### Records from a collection
************

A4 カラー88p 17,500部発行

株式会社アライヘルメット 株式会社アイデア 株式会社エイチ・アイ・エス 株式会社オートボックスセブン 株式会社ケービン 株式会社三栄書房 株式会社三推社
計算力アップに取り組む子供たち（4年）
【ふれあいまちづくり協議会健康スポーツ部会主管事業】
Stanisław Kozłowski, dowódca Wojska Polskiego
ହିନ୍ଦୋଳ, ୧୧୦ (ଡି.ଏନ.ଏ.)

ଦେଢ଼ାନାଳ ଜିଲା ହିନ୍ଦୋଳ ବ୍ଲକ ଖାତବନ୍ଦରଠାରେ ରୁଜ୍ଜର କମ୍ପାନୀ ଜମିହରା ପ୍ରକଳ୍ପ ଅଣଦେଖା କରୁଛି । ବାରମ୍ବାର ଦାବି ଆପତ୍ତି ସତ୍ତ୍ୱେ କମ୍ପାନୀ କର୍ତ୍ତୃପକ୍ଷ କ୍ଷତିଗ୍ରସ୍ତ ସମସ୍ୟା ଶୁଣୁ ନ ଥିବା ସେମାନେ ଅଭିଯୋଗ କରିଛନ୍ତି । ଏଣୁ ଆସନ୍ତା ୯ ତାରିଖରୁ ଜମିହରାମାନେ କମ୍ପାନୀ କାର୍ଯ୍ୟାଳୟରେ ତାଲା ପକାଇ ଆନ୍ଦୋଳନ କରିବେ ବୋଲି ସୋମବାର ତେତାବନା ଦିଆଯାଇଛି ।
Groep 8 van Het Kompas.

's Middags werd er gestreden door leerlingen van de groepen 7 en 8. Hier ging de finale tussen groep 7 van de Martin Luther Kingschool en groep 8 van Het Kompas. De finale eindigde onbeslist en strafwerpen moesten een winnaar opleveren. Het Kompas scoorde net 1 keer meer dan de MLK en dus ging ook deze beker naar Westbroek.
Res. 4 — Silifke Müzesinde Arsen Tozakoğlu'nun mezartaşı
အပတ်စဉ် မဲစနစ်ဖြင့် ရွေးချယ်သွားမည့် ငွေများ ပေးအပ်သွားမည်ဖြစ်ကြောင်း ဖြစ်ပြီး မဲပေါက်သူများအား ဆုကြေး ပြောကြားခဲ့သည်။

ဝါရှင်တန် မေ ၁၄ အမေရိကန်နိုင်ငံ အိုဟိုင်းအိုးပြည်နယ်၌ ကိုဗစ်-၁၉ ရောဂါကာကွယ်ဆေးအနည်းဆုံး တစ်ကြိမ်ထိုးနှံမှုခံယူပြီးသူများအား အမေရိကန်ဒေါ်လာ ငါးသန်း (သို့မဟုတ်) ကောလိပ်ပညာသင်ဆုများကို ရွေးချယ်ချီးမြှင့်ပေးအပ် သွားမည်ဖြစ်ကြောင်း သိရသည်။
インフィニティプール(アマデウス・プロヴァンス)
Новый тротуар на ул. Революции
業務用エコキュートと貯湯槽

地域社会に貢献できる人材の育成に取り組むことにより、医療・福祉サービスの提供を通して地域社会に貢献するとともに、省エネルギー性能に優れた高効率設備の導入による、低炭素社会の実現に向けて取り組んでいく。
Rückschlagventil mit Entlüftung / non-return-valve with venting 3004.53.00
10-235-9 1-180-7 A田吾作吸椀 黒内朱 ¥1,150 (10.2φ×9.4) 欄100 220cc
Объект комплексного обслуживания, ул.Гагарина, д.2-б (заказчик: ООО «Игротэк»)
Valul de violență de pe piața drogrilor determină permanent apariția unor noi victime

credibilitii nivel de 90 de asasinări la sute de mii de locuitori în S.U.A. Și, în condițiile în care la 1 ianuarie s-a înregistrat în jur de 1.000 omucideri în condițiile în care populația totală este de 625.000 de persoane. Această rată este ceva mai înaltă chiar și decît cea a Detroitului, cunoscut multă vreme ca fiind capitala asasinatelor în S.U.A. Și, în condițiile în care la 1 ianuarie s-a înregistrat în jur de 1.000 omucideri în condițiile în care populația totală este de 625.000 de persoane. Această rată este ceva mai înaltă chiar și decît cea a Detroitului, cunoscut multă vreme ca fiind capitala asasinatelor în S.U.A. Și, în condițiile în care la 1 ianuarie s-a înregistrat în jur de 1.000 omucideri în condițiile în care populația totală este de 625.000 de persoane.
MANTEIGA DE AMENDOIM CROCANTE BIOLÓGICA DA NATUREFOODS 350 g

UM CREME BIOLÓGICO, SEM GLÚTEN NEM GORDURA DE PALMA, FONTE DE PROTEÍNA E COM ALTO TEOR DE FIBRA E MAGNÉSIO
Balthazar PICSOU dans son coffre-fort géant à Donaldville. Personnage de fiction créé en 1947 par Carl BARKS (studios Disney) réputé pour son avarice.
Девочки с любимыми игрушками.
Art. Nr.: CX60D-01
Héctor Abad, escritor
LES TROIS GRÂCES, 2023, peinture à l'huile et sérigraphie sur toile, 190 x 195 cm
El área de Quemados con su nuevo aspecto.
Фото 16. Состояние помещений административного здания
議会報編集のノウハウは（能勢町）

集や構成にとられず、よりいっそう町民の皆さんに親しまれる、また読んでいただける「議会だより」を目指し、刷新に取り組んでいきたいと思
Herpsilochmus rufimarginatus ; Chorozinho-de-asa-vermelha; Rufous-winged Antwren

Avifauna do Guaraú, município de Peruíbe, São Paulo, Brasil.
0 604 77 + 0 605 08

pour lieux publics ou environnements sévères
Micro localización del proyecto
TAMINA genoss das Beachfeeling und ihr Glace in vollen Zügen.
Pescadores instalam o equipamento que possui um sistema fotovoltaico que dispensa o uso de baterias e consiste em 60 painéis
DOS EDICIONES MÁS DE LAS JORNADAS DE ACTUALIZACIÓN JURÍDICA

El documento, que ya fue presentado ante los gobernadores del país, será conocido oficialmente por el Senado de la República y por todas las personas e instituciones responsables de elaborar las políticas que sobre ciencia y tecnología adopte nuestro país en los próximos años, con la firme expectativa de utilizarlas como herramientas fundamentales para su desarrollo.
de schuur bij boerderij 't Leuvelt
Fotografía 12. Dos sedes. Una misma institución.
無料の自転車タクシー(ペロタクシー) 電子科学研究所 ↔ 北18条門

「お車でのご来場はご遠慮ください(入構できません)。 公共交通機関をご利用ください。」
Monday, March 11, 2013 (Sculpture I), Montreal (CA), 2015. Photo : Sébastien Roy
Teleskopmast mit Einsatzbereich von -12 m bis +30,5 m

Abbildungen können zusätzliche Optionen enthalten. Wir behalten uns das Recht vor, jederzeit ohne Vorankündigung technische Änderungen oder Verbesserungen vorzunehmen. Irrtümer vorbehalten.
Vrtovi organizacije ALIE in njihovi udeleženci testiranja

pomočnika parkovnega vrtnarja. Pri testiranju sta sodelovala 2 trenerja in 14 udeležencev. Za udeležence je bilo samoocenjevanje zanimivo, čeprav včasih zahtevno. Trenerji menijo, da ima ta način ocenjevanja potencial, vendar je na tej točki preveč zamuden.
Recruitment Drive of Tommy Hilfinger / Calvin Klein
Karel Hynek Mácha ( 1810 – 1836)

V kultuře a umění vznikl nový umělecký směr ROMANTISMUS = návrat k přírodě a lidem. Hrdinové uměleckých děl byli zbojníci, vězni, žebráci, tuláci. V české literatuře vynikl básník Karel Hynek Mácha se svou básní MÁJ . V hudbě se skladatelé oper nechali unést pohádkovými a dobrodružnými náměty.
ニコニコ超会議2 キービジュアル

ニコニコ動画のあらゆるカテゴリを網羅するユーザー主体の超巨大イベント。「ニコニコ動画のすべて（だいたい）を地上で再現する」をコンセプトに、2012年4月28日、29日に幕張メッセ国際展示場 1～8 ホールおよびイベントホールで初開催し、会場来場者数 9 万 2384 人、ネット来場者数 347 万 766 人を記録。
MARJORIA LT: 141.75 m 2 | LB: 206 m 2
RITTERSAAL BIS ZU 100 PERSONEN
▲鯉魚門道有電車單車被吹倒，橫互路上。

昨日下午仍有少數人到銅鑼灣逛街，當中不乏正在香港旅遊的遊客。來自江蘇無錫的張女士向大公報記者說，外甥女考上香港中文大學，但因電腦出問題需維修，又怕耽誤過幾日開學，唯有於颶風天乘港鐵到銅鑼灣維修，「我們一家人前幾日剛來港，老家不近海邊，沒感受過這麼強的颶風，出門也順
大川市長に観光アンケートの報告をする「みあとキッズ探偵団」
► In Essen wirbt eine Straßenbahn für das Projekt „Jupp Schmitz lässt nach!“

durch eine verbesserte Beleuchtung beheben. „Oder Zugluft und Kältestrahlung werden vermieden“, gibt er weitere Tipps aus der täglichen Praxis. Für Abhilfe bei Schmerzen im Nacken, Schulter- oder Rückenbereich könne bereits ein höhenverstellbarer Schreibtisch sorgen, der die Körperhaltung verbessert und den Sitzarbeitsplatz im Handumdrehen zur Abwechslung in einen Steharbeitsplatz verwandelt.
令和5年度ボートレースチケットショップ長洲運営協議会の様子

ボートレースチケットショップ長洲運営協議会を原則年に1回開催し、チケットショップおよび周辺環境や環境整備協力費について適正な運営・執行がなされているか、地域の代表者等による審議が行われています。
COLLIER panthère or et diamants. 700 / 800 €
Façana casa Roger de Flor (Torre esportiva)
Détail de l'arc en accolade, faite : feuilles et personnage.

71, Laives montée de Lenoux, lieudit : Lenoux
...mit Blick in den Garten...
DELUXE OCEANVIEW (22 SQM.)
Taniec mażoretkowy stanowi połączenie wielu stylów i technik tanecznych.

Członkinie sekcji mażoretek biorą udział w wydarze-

************

### EXERCISE AIM
Your reply must consist of one number, the count of lines in the entries that hold "pour".

### WRITTEN SOLUTION
2